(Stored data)
--- START ---
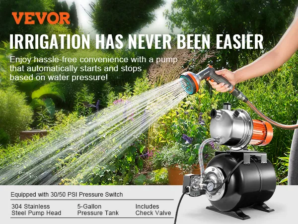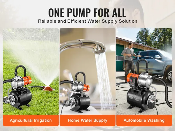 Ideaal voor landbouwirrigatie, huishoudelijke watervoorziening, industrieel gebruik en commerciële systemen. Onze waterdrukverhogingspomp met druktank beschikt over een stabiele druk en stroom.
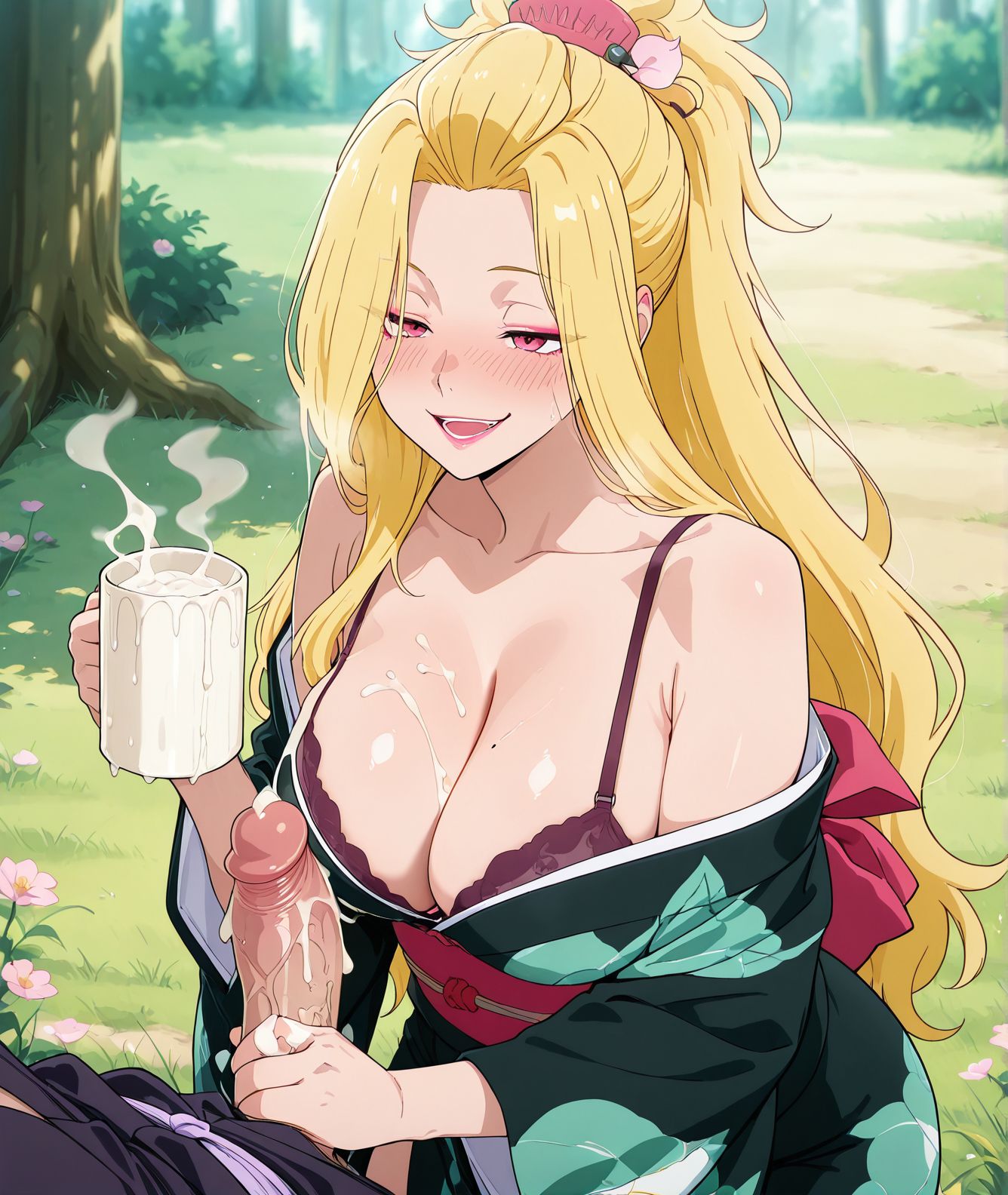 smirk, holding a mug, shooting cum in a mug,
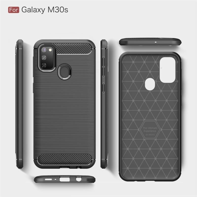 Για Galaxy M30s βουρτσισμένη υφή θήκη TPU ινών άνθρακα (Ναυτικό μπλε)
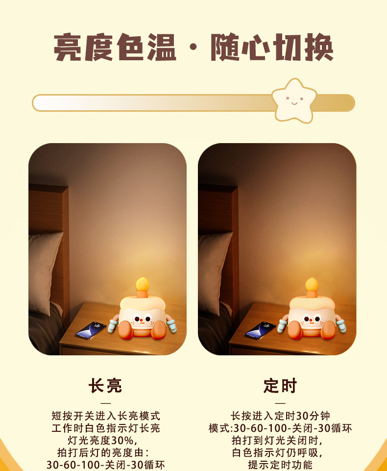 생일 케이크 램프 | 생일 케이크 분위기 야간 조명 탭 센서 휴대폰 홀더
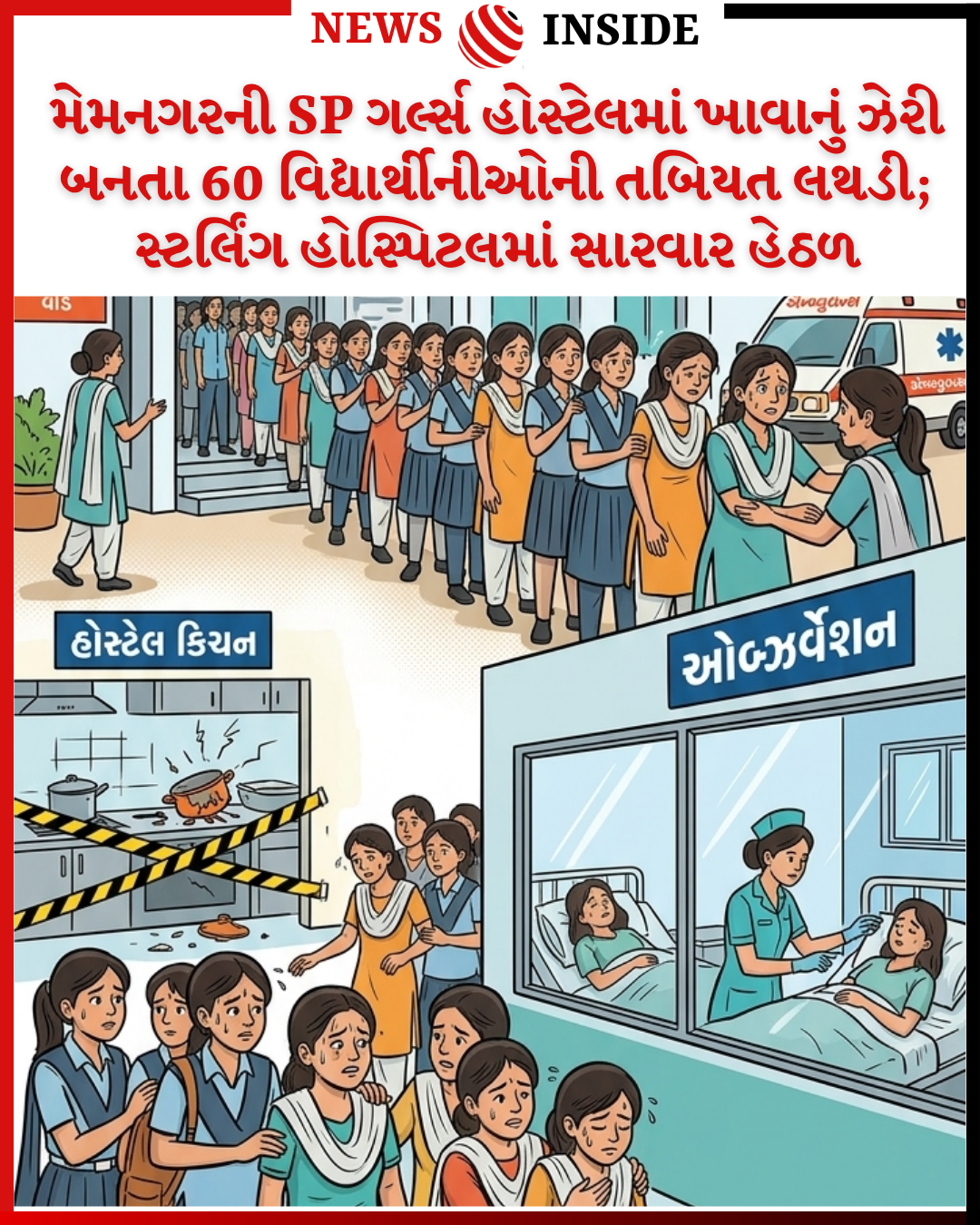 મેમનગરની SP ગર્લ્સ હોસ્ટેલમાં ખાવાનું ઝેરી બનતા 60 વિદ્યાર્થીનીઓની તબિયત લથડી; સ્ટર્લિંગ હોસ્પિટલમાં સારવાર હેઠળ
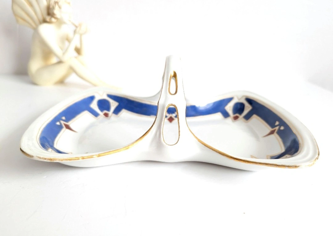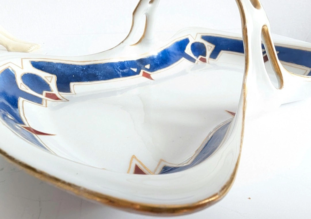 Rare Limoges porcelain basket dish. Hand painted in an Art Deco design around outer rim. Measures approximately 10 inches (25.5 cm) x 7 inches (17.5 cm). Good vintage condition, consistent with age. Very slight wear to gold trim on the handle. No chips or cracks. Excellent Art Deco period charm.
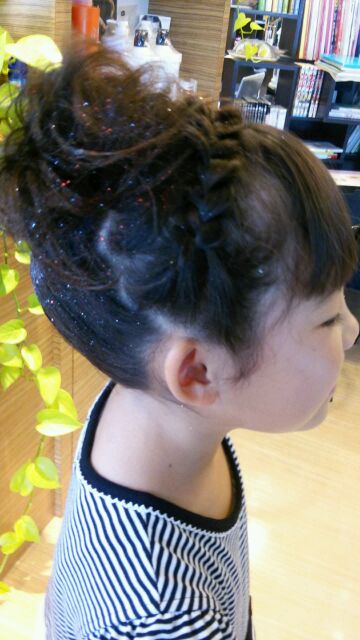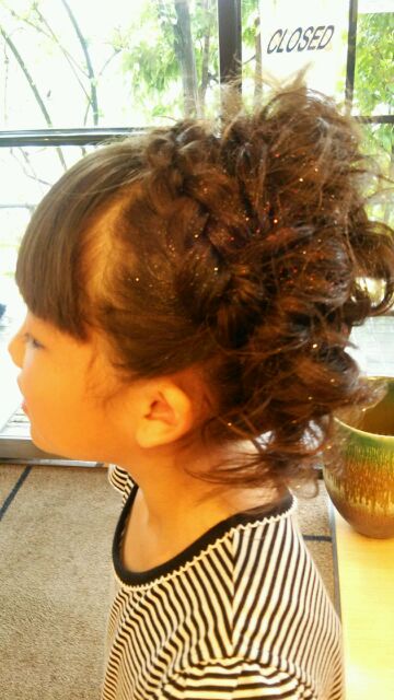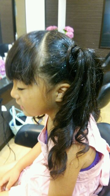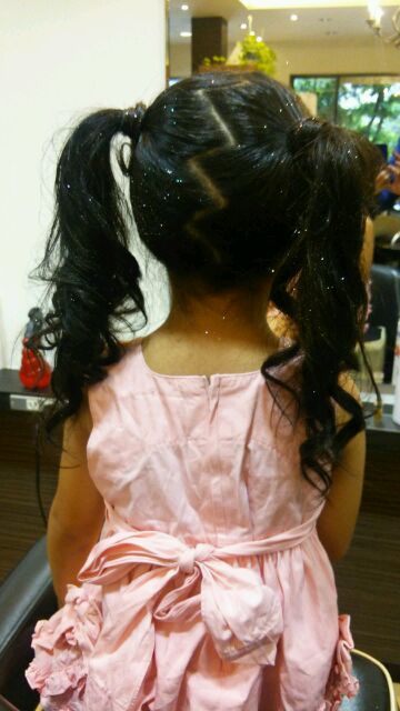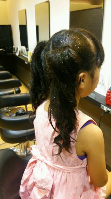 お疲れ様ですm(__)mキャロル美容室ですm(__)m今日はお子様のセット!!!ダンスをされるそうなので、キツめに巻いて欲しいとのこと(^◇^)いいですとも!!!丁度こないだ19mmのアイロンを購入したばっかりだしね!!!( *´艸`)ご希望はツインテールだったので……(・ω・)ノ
--- END ---
# What to produce:
Please retype, exactly and only, the lines from the one holding "Rare Limoges porcelain" to the end of the entries, both ends included, without any pictures.

# Finished task:
 Rare Limoges porcelain basket dish. Hand painted in an Art Deco design around outer rim. Measures approximately 10 inches (25.5 cm) x 7 inches (17.5 cm). Good vintage condition, consistent with age. Very slight wear to gold trim on the handle. No chips or cracks. Excellent Art Deco period charm.
 お疲れ様ですm(__)mキャロル美容室ですm(__)m今日はお子様のセット!!!ダンスをされるそうなので、キツめに巻いて欲しいとのこと(^◇^)いいですとも!!!丁度こないだ19mmのアイロンを購入したばっかりだしね!!!( *´艸`)ご希望はツインテールだったので……(・ω・)ノ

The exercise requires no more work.